Sunday, March 27, 2005

What's real and going on below...

Open Letter to Father Calhoun:

I don't know if I'd ever have the courage to say any of this to you in person. Thankfully, I have this at my disposal, a tool which I've not only found useful, but effective in getting a message across to people. Apparently more people read this site than I originally suspected.

I was brought up to have the utmost respect for the clergy. You don't make jokes with the priest, you don't talk back to the priest, you don't turn your back on the priest. Stuff like that. For a very long time, it's served me quite well. I can't say I've known any priests as well as I've come to know you, though. I was too young when Fr. Murray left to have been able to make any appreciable connection. And Fr. O'Connor had the ability to be aloof. I'm sure he didn't mean to, but it was something I felt, as a child.

And then Fr. Maguire was taken from the parish after only three short years.
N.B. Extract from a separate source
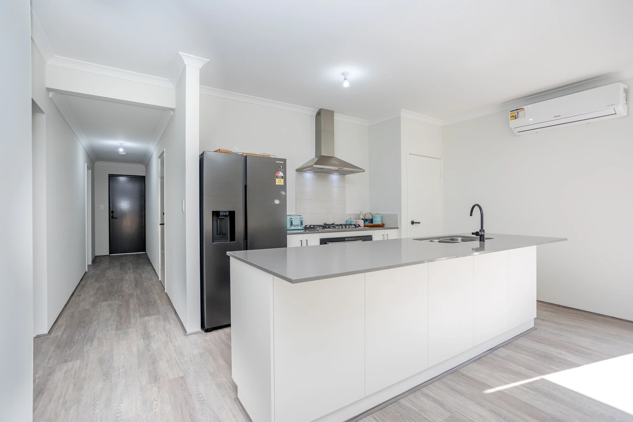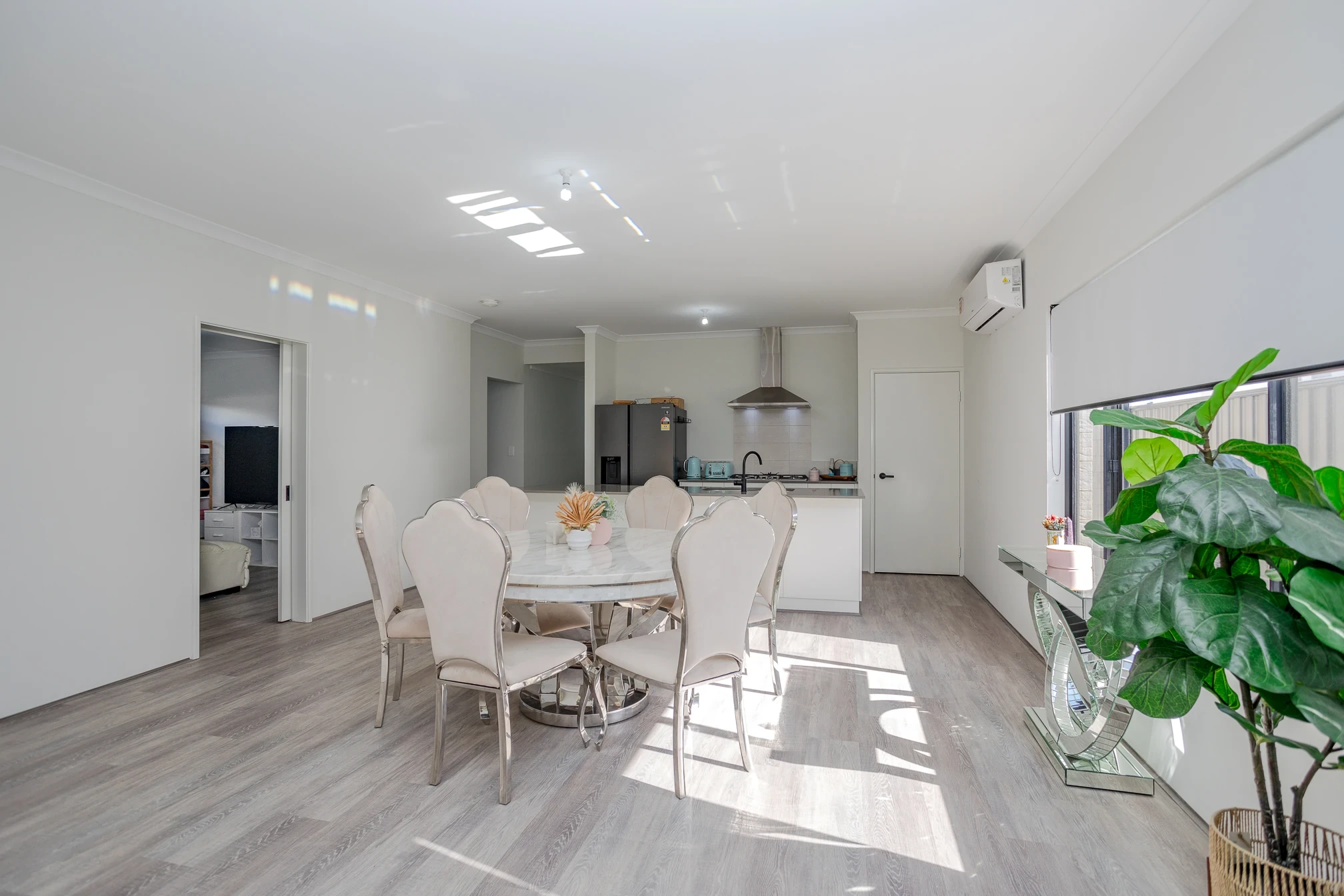 Spacious open plan living with split system air conditioning

He absolutely turned the parish around - revived the CCD program, restored attendance figures, and saved our church from the potential of a 'red-light' classification, a distinction of which I'm sure I need not clarify. Granted, Fr. Maguire was one for the more ritualistic aspects of the church, and thus didn't condone much loitering and idle chatter after the Mass ended. "The Mass has ended" meant "we're done; now go home."

But I will admit to getting to know you a great deal better than any of your predecessors with whom I was familiar. You've dined at my house on a number of occasions, and you're always willing to talk to us about whatever we wish, be it the dogs, the weather, or the church. And I thank you for that, and for your friendship. Don't think I haven't noticed that every time somebody you know comes up for the Eucharist, you address them by name.
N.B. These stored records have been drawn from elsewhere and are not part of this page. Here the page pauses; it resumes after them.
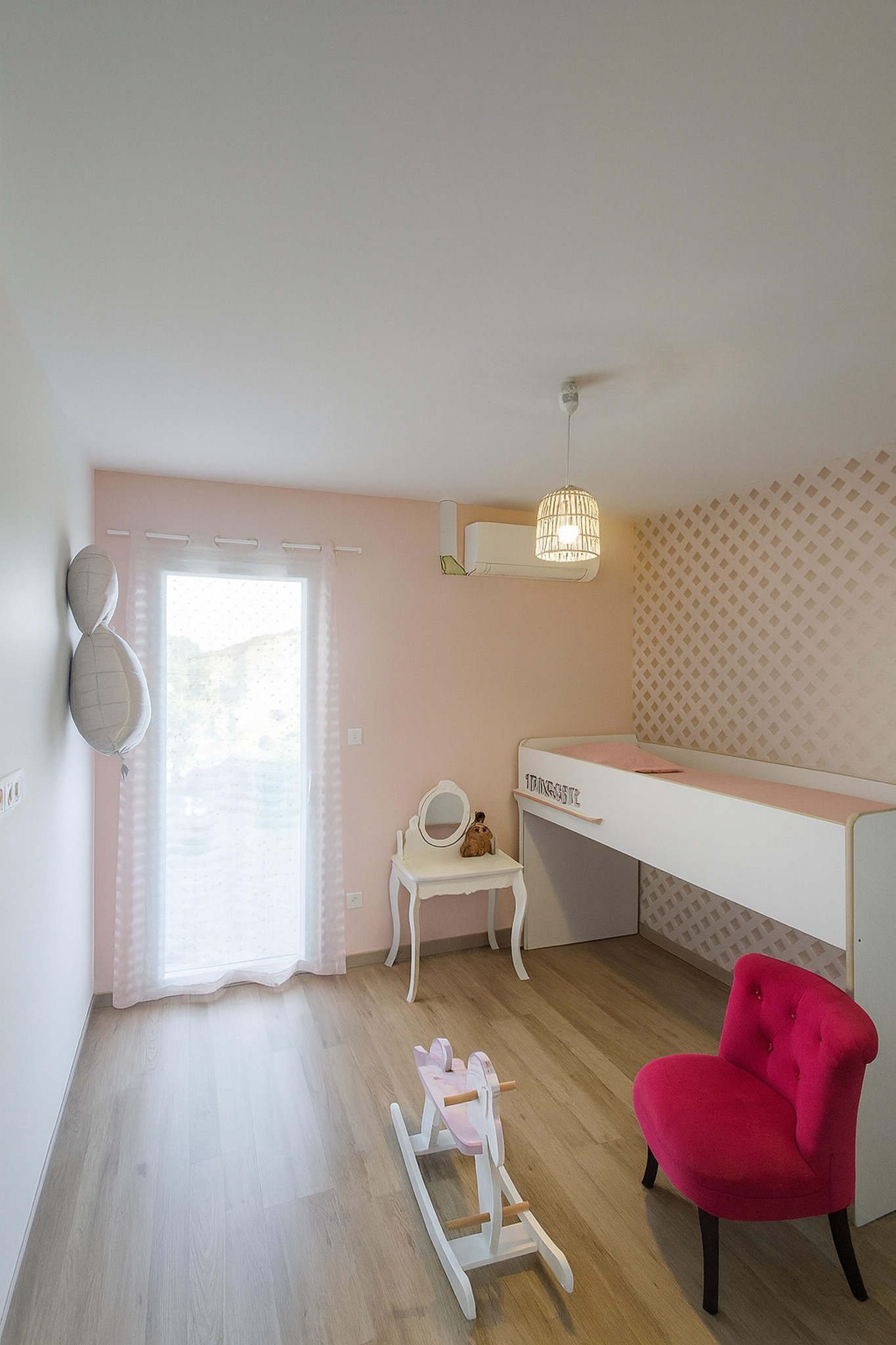 Le chauffage principal avec pompe à chaleur air/air associé à un système de climatisation dans chaque pièce assure un confort régulier toute l?année.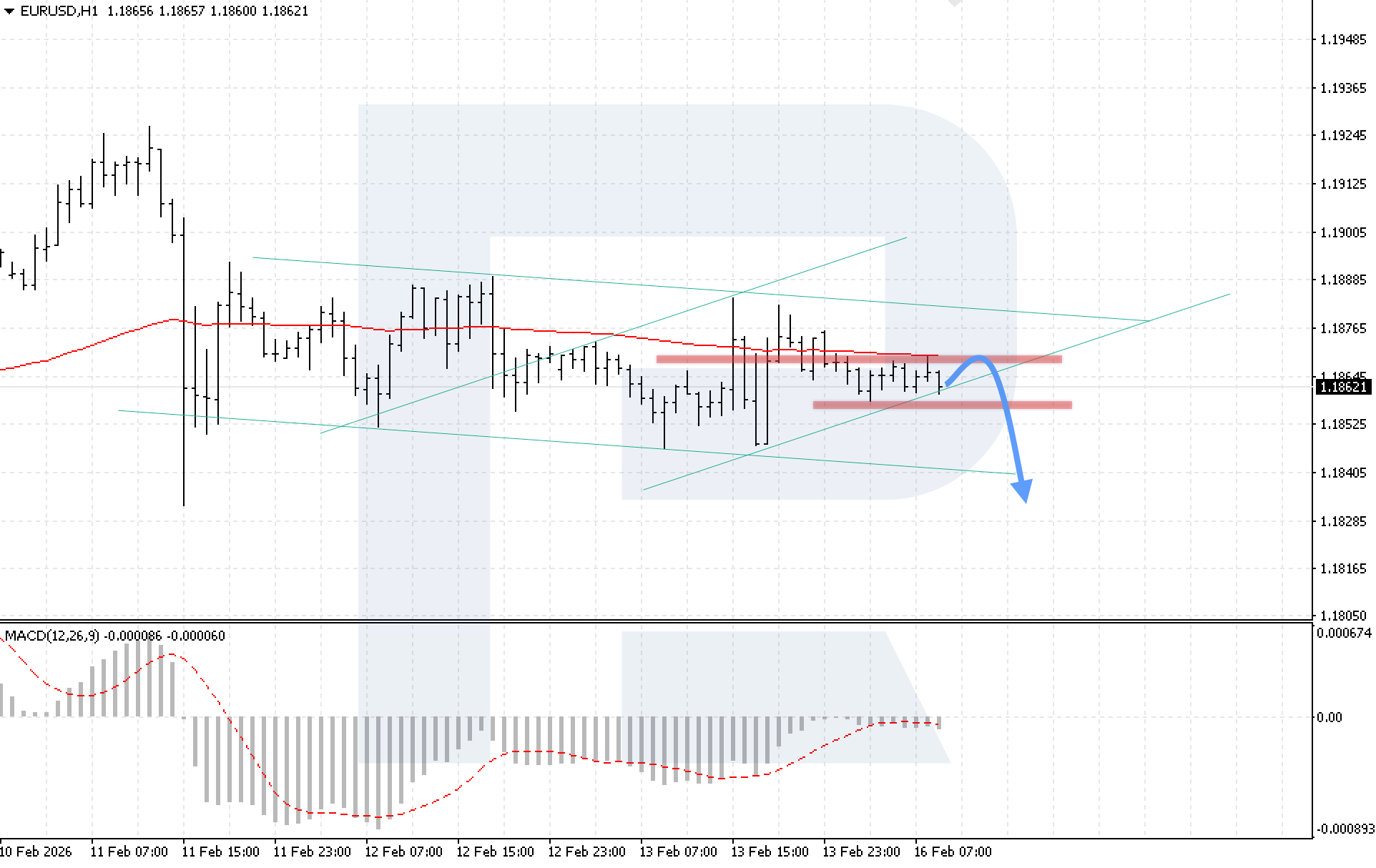 บนกราฟ H1 ของคู่สกุลเงิน EURUSD ตลาดยังคงเคลื่อนไหวภายในช่วงสะสมกำลัง ราคาเด้งตัวจากขอบล่างของช่องปรับฐานขาขึ้น ผู้ขายควบคุมราคาให้อยู่ต่ำกว่าเส้น EMA-85 ซึ่งบ่งชี้ถึงแรงกดดันขาลงที่เพิ่มขึ้น วันนี้ 16 กุมภาพันธ์ 2026 สถานการณ์หลักยังคงเป็นการดีดตัวจากแนวต้านระยะสั้นที่ 1.1875 ตามด้วยการปรับตัวลงสู่ระดับ 1.1835
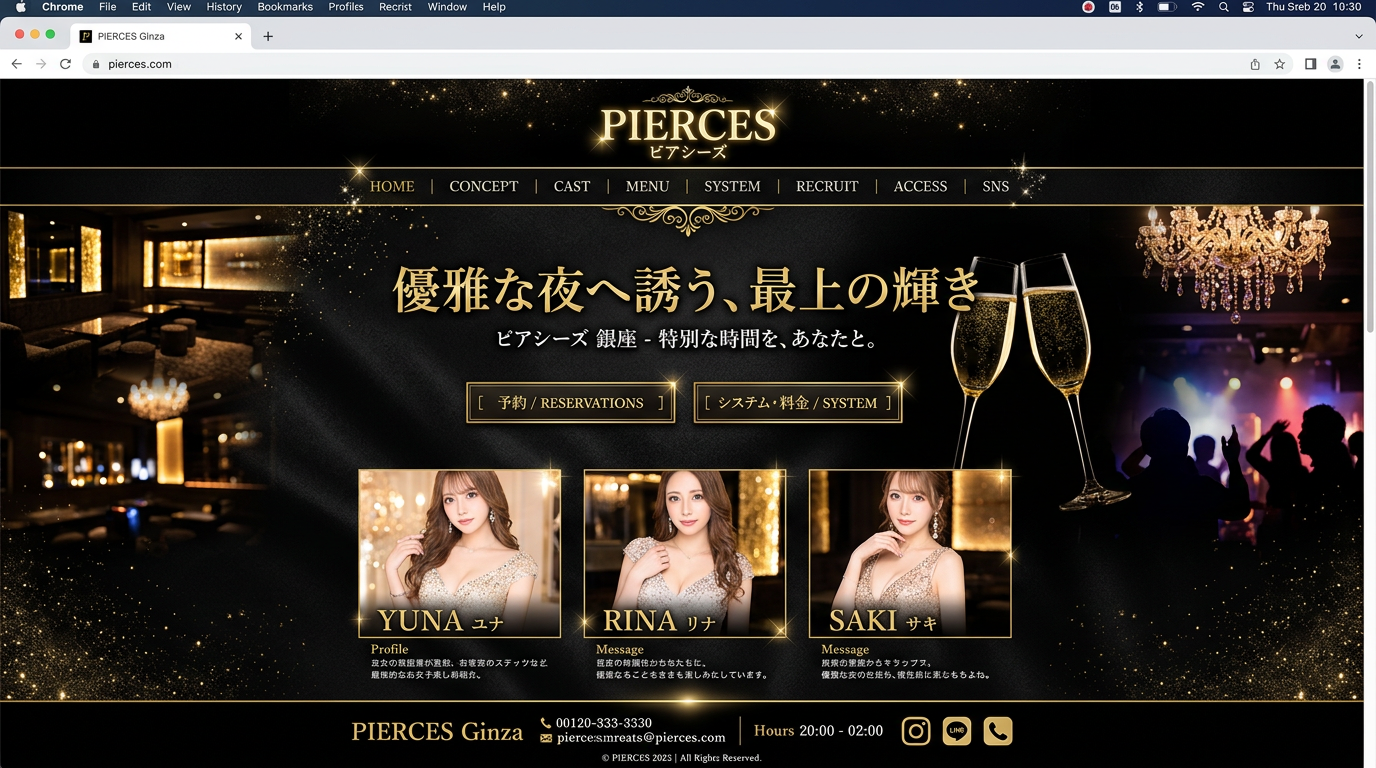 キャバクラ・ラウンジ向けWebサイトのデザインサンプル集。ここから選んでカスタマイズ、最短3日で本番公開できます。
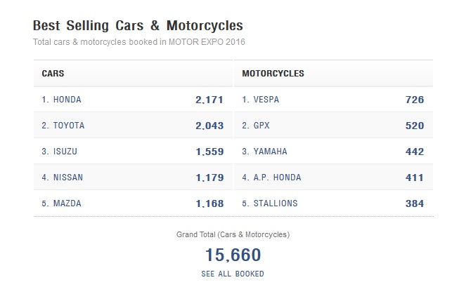 Best Selling Cars & Motorcycles Total cars & motorcycles booked in MOTOR EXPO 2016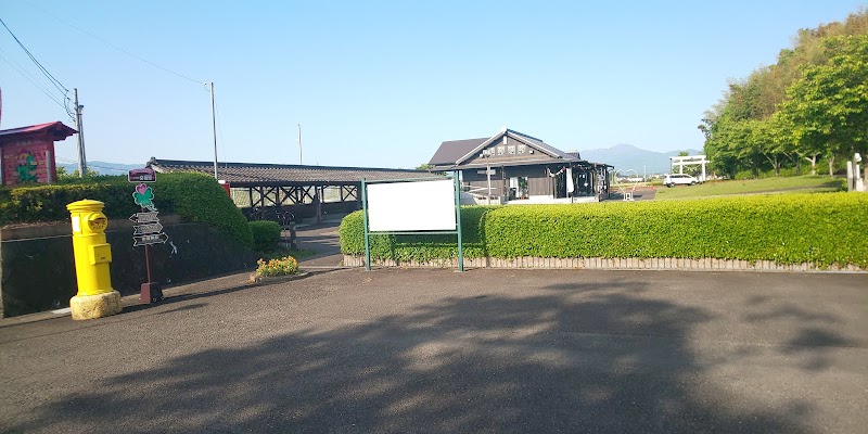 全国各地にある筒型の黄色いポストがおかどめ幸福駅前にも設置されていました。

But like I said, I have the utmost respect for anybody willing to take on the vows of the priesthood, and it's caused a lack of honesty on my part with you. On at least the most recent occasion that you visited my house, likely between Christmas and New Year's last year, I deliberately made myself scarce. I've disagreed with your stance on the church closing issue for quite some time now, but I wouldn't disrespect you or the office you hold by making this a grand point of mine.

"'The time has come', the Walrus said, 'to talk of other things.'" I played that strategy for a long time. Rather than being up-front and honest about what I thought about the position you were taking, I bit my tongue and instead conversed with you over other topics, if and when we ever spoke.

However, with this forum, I no longer will hide behind that shield. There are things I want to say, and right now, I'm going to say them in the way I best know how, through my fingers, rather than my tongue.

What will you do if and when this is all overturned? That would absolutely be a slap in the face to all you've tried to accomplish since your re-assignment. I will admit, I refused to consider the possibility last May that we would be listed to close. I didn't want to cross that bridge until we got to it, and even then, I didn't want to cross it at all. But now that bridge is crossed and burned. We can never go back to the way it was last April.

I have great faith that my church, my home church, will be open to see another Easter, another fifty Easters, another one hundred Easters. What will you say when this comes to fruition? 'Gee, folks, I wanted you all to go with me to St. George, but now that we don't have to, c'mon back!' I don't think it's going to fly that easily. We've been jerked around one too many times, and whiplash has begun to set in.

How will you bring back the flock you've tried so hard to move? As my journalism teacher would say, 'the toothpaste is out of the tube.' It's become painfully clear that even when you feel the Archdiocese is completely in the wrong, you're willing to bite the bullet and take what they give you. And while, for some, this is a respectable trait, I wish you hadn't taken that position. No, I'm not asking you to fall on your sword, like Fr. Fitzgerald and Fr. Bowers have. But even in private, when there is no threat to your job security, you've expressed a hope that we'd all just give up our Crusade and follow down the road.

But what I am doing is just that, a Crusade. In stark contrast to your homily today, I have never been sad about the situation I'm in. I have been in denial; I have been indignant; and yes, I have even, at one point, come to an acceptance of the fact. But that was short-lived, and now, I am defiant. Perhaps I am one of a small group of those who were never convinced it was over. The small group who never became 'saddened' by it. That morning, I shed nary a tear nor a sigh for my church, but the wounds inflicted upon me began to fester. And, as a dog which has been scarred in a fight, I come back stronger than I did before.

I can picture your response to this letter: 'I'm sorry you feel that way.' But I have no doubts for you to assuage, nor fears for you to calm. What I have is my wrath, and I will not let that be put aside so simply.

I do not write this as an act of disrespect. I write this as an explanation for my behavior over the past six months. I write this so that you may know that I cannot, out of my respect for your position, just allow this to happen. That respect is part of what drives me. You might feel that you cannot speak out quite publicly about your disapproval, so I am taking that burden upon myself. My grievances with you come from your attempts to stop me.

And I pray that you begin work on the speech of rededication for this parish, for I remain ever-faithful that you will need that in two weeks.